Imputation vs QSAR for Toxicology Data Modeling

Intellegens news, Publications

Published: December 14, 2023

in: Drug Discovery, Food and beverage, Life Science, Translational medicine

Paper published in J. Chem. Inf. Model.

Researchers from JTI and Intellegens have published a new machine learning study of toxicology in the Journal of Chemical Information and Modeling. Analysing experimental datasets to understand and enable control of the toxicological properties of chemicals is a key task for R&D teams developing chemicals and formulations in areas such as life sciences, fast moving consumer goods, and foods and beverages.

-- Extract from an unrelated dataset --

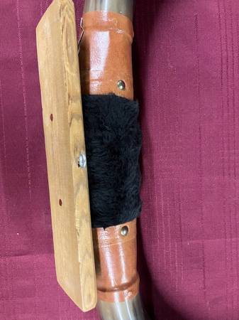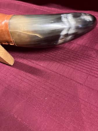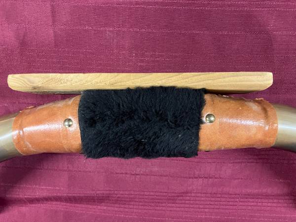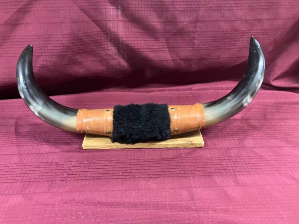 FAUX FUR IN CENTER WITH FAUX LEATHER TACKED ON AT FUR. THE HORNS DO HAVE A COUPLE SCRATCHES IN THEM THAT IM SURE CAN BE TOUCHED UP WITH A SHARPIE.

Such datasets are often sparse or noisy and the project compared the performance of the Alchemite™ imputation machine learning method to well-established ML-based QSAR methods, finding a significant improvement in the quality of results through the use of the imputation method.

Abstract

Imputation machine learning (ML) surpasses traditional approaches in modelling toxicity data. The method was tested on an open-source data set comprising approximately 2,500 ingredients with limited in vitro and in vivo data obtained from the OECD QSAR Toolbox. By leveraging the relationships between different toxicological end points, imputation extracts more valuable information from each data point compared to well-established single end point methods, such as ML-based Quantitative Structure Activity Relationship (QSAR) approaches, providing a final improvement of up to around 0.2 in the coefficient of determination. A significant aspect of this methodology is its resilience to the inclusion of extraneous chemical or experimental data. While additional data typically introduces a considerable level of noise and can hinder performance of single end point QSAR modeling, imputation models remain unaffected. This implies a reduction in the need for laborious manual preprocessing tasks such as feature selection, thereby making data preparation for ML analysis more efficient. This successful test, conducted on open-source data, validates the efficacy of imputation approaches in toxicity data analysis. This work opens the way for applying similar methods to other types of sparse toxicological data matrices, and so we discuss the development of regulatory authority guidelines to accept imputation models, a key aspect for the wider adoption of these methods.